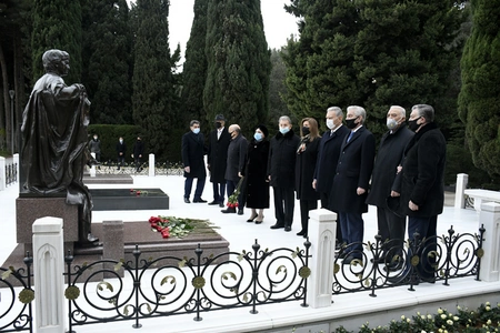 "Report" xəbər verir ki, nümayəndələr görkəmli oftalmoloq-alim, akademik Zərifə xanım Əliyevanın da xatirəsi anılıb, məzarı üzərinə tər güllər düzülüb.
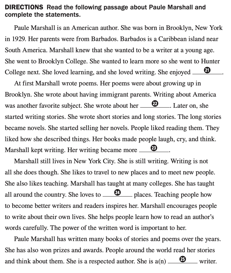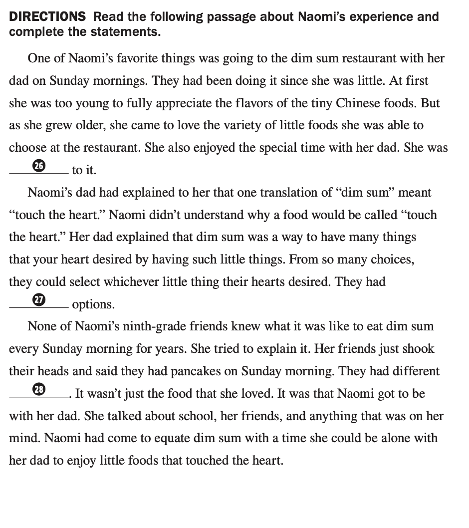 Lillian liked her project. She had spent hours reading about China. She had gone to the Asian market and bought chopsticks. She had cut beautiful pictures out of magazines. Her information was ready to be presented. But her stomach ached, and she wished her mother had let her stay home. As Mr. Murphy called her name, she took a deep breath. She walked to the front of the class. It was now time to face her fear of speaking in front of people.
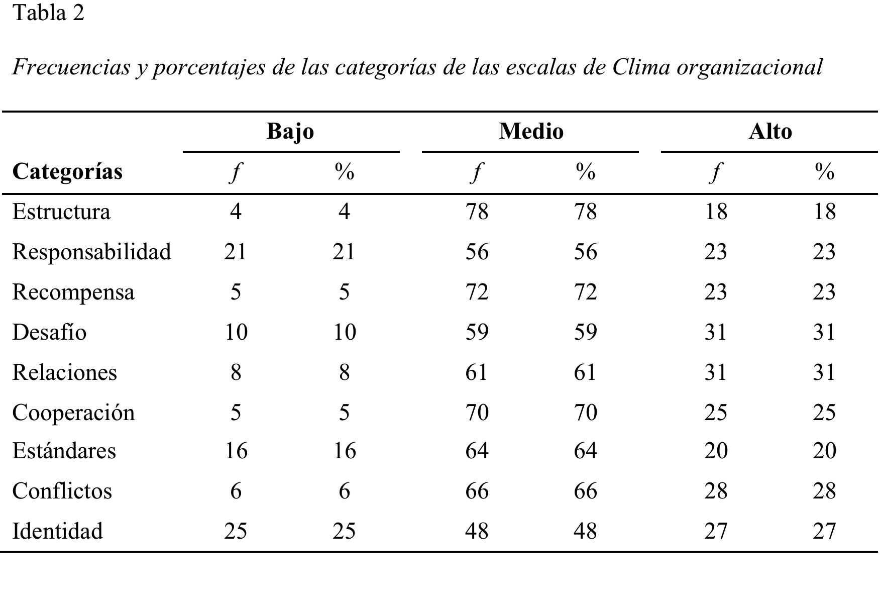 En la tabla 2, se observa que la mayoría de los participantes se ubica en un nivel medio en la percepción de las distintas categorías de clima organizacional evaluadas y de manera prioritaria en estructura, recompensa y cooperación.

==============================

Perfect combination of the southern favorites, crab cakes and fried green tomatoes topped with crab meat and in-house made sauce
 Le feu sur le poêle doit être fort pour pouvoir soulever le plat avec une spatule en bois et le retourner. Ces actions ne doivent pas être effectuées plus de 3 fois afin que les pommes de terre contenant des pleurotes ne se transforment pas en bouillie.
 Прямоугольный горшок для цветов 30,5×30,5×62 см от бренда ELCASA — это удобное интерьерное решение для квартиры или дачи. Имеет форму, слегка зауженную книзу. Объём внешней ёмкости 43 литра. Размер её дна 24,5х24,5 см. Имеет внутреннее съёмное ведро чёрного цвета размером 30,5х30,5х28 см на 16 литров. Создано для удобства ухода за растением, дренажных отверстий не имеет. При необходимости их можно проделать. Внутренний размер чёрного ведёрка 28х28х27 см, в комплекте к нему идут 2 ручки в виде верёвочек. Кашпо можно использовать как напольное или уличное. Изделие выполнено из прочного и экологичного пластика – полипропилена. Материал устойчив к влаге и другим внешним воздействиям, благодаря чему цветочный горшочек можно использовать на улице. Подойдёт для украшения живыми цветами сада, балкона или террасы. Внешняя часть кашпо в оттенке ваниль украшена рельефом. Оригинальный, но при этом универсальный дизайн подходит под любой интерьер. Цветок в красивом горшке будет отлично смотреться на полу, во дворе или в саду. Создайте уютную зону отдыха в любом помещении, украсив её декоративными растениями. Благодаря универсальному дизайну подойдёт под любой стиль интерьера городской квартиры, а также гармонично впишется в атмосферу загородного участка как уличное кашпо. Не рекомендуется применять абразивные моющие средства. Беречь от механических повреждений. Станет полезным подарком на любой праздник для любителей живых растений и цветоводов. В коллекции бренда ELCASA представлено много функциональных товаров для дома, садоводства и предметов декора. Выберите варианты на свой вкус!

==============================

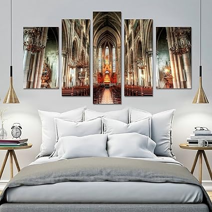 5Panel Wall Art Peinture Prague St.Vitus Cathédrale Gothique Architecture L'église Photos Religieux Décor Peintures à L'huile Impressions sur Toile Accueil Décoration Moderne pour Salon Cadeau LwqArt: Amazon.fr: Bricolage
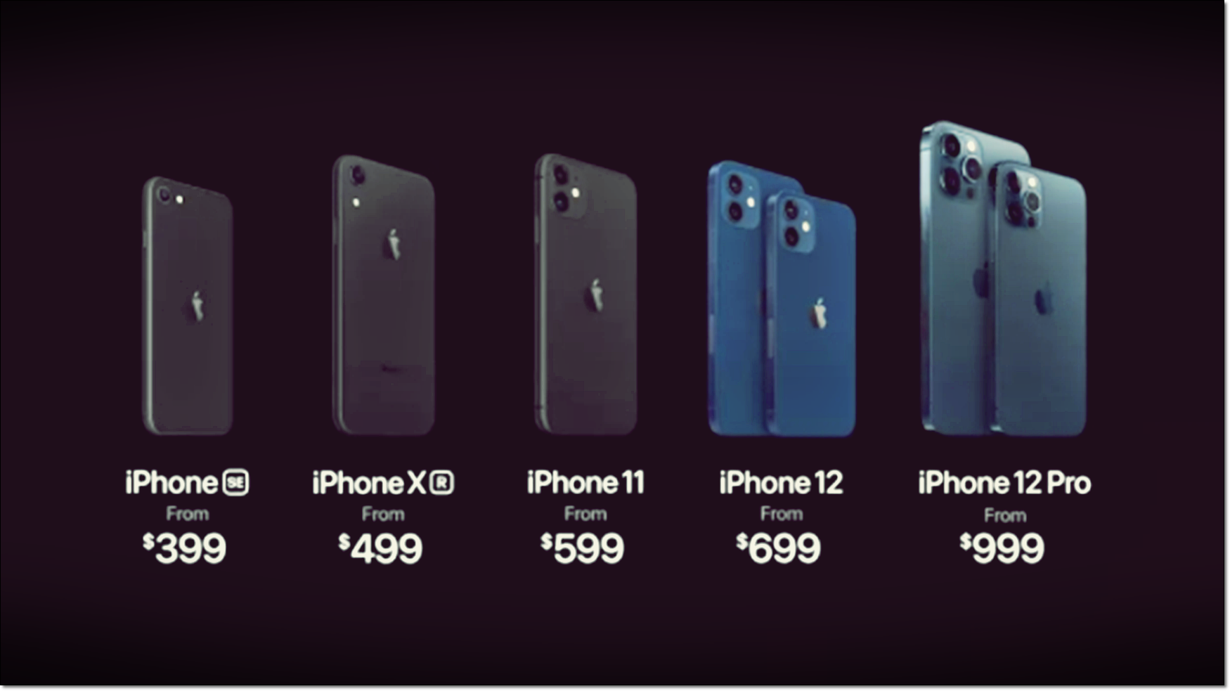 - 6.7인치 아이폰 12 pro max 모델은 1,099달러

==============================

# Task objective
In the listing above, find the line with "5Panel Wall Art" and the line with "- 6.7인치 아이폰 12 pro max 모델은 1,099달러". Copy both of them and every line between, exactly, but not the pictures.

# Answer for the task
 5Panel Wall Art Peinture Prague St.Vitus Cathédrale Gothique Architecture L'église Photos Religieux Décor Peintures à L'huile Impressions sur Toile Accueil Décoration Moderne pour Salon Cadeau LwqArt: Amazon.fr: Bricolage
 - 6.7인치 아이폰 12 pro max 모델은 1,099달러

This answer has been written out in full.